I'm curious about what you think about server-based approaches vs. client-based approaches to spam classification and filtering and if, maybe, the cure is worse than the disease.

Christian Beliefs

This is arguably out of scope for this interview, but I still feel it's something many Slashdotters would be interested in hearing about.

On your webpage you have an essay describing your Christian beliefs and why you have them. You say many things that most Slashdotters (and nerds and scientist in general) regard as utterly ridiculous. You think the earth is no more than 10,000 years old, you think Christianity is logical, you regard the Bible as a historial document, etc.

No doubt you are aware of the fact that most nerds disagree with you on these things. Indeed, they might even consider you "crazy" for holding them.

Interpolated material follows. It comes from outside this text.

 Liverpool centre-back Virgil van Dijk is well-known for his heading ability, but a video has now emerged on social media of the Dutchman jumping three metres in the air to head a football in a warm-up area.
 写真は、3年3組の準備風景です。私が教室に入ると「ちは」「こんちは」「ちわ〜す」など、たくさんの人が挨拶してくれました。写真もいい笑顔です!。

Without going into the truths of the beliefs in question, which I'm sure will be debated enough in the Slashdot thread anyway (and I hope you'll join in), what do you think the reason is that so many scientists, nerds and people otherwise rather similar to you think your beliefs are obviously incorrect? Do you think they are all deluded? Do you agree that there might be a possibility that your beliefs are not rational (again, without going into whether or not they are so)?

Best regards,
an AC

Re:Christian Beliefs

[adrianmonk]

Do you agree that there might be a possibility that your beliefs are not rational (again, without going into whether or not they are so)?

I think he sort of answers that question in the essay you linked to. He says that "it is true that Christianity is ultimately based on faith".

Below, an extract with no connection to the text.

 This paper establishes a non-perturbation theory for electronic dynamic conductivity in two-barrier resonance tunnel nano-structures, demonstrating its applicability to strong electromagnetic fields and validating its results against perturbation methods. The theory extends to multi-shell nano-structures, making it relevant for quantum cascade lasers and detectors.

There are many philosophical viewpoints on what are valid ways of obtaining knowledge. Some people think the only valid source of knowledge is empirical observation and rational thought. Others think that, if there is such a thing as a supernatural being, that being could impart knowledge to people through some sort of mystical revelation, i.e. God controls the universe, so if he wants, he can make you know things. (It's a pretty reasonable conclusion if you first assume God does exist and does control the universe.) Some people think empirical observation and spiritual revelation are both valid, but if the two are in conflict, revelation should take precedence.

These different viewpoints are differences in philosophy. I learned in computer science class (when I learned about diagonalization and the incompleteness theorem) that logical thought cannot give you all the answers. There are true statements that logic can't lead you to and can't support. Many people during The Enlightenment believed that the forward march of reason was inexorable, and reason could, given enough time, solve any problem. They were wrong, although they weren't even proven wrong until less than 100 years ago.

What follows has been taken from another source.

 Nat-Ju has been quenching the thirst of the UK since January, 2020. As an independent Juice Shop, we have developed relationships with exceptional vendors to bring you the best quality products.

My point is, the question of what avenues for obtaining knowledge are valid is an open philosophical question. (One might even say a timeless question.) There have been relatively recent developments that have changed our views of this question.

In light of that, is it wrong thinking to believe in faith over reason? Maybe it is, or maybe it isn't. But many Christians have a pretty simple philosophy on it: they believe in faith and revelation over reason, but they do investigate Christianity in an intellectual sense enough to be sure that it's a defensible, basically consistent point of view. (It doesn't have to be perfectly consistent and complete, because none of the other views of the world are either.)

history of DSPAM

[passion]

I recall hearing a story that you created DSPAM as a response to the trashy emails that your religious leader was receiving. I also see that your religion plays a large role in your life. I'm curious, how a thinking, logical, Christian such as yourself feels about the "intelligent design" movement?

Is this a misinterpretation of scripture? A reaction filled with fear against science? An attempt to distance ourselves from animals so that the atrocities occuring in modern industrial-meat production can be justified? Or is it a revival of much-needed spiritual values in our country?

In addition, I'm curious what your take is on the Intelligent Falling theory?